Notice that the environment of basehaz is:
environment(basehaz)
<environment: namespace:survival>
meanwhile:
environment(BaseFun)
<environment: R_GlobalEnv>
Therefore that is why the function basehaz cannot find the local variable inside the function.
A possible solution is to send x to the top using assign:
BaseFun <- function(x){
assign('x',x,pos=.GlobalEnv)
start.coxph <- coxph(x, phmmd)
print(start.coxph)
betahat <- start.coxph$coefficient
print(betahat)
print(333)
print(survfit(start.coxph))
m <- basehaz(start.coxph)
print(m)
rm(x)
}
BaseFun(fmla)
Other solutions may involved dealing with the environments more directly.
I'm following up on #moli's comment to #aatrujillob's answer. They were helpful so I thought I would explain how it solved things for me and a similar problem with the rpart and partykit packages.
Some toy data:
N <- 200
data <- data.frame(X = rnorm(N),W = rbinom(N,1,0.5))
data <- within( data, expr = {
trtprob <- 0.4 + 0.08*X + 0.2*W -0.05*X*W
Trt <- rbinom(N, 1, trtprob)
outprob <- 0.55 + 0.03*X -0.1*W - 0.3*Trt
Outcome <- rbinom(N,1,outprob)
rm(outprob, trtprob)
})
I want to split the data to training (train_data) and testing sets, and train the classification tree on train_data.

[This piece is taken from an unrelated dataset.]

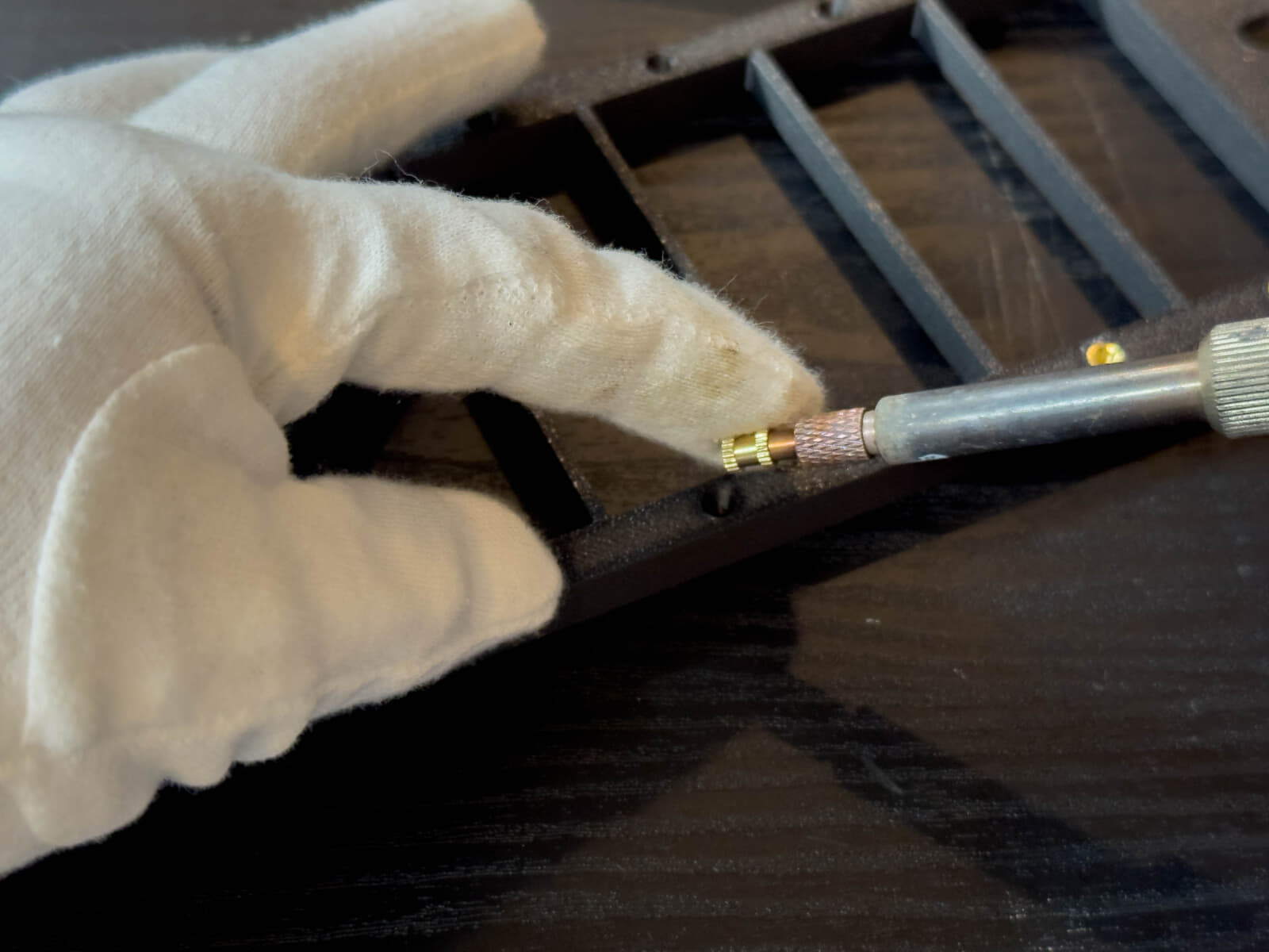 火傷しないよう綿手を2枚被せた上で、手でインサートナットがチップの先から落ちるのを抑えながら熱圧入したい場所に位置を合わせます。

Here's the formula I want to use, and the issue with the following example. When I define this formula, the train_data object does not yet exist.
my_formula <- Trt~W+X
exists("train_data")
# [1] FALSE
exists("train_data", envir = environment(my_formula))
# [1] FALSE
Here's my function, which is similar to the original function. Again,
badFunc <- function(data, my_formula){
train_data <- data[1:100,]
ct_train <- rpart::rpart(
data= train_data,
formula = my_formula,
method = "class")
ct_party <- partykit::as.party(ct_train)
}
Trying to run this function throws an error similar to OP's.
library(rpart)
library(partykit)
bad_out <- badFunc(data=data, my_formula = my_formula)
# Error in is.data.frame(data) : object 'train_data' not found
# 10. is.data.frame(data)
# 9. model.frame.default(formula = Trt ~ W + X, data = train_data,
# na.action = function (x) {Terms <- attr(x, "terms") ...

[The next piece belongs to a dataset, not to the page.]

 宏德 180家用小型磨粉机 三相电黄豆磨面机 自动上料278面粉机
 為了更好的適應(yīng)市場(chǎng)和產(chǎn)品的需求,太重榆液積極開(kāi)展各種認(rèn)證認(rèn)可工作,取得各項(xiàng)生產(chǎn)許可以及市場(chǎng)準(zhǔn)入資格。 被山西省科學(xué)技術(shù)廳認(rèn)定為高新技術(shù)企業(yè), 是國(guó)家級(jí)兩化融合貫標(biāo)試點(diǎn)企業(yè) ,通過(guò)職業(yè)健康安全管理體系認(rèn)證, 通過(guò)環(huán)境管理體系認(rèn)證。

# 8. stats::model.frame(formula = Trt ~ W + X, data = train_data,
# na.action = function (x) {Terms <- attr(x, "terms") ...
# 7. eval(expr, envir, enclos)
# 6. eval(mf, env)
# 5. model.frame.rpart(obj)
# 4. model.frame(obj)
# 3. as.party.rpart(ct_train)
# 2. partykit::as.party(ct_train)
# 1. badFunc(data = data, my_formula = my_formula)
print(bad_out)
# Error in print(bad_out) : object 'bad_out' not found
Luckily, rpart() is like coxph() in that you can specify the argument model=TRUE to solve these issues. Here it is again, with that extra argument.
goodFunc <- function(data, my_formula){
train_data <- data[1:100,]
ct_train <- rpart::rpart(
data= train_data,
## This solved it for me
model=TRUE,
##
formula = my_formula,
method = "class")
ct_party <- partykit::as.party(ct_train)
}
good_out <- goodFunc(data=data, my_formula = my_formula)
print(good_out)
# Model formula:
# Trt ~ W + X
#
# Fitted party:
# [1] root
# | [2] X >= 1.59791: 0.143 (n = 7, err = 0.9)
##### etc
documentation for model argument in rpart():
model:
if logical: keep a copy of the model frame in the result? If
the input value for model is a model frame (likely from an earlier
call to the rpart function), then this frame is used rather than
constructing new data.
Formulas can be tricky as they use lexical scoping and environments in a way that is not always natural (to me). Thank goodness Terry Therneau has made our lives easier with model=TRUE in these two packages!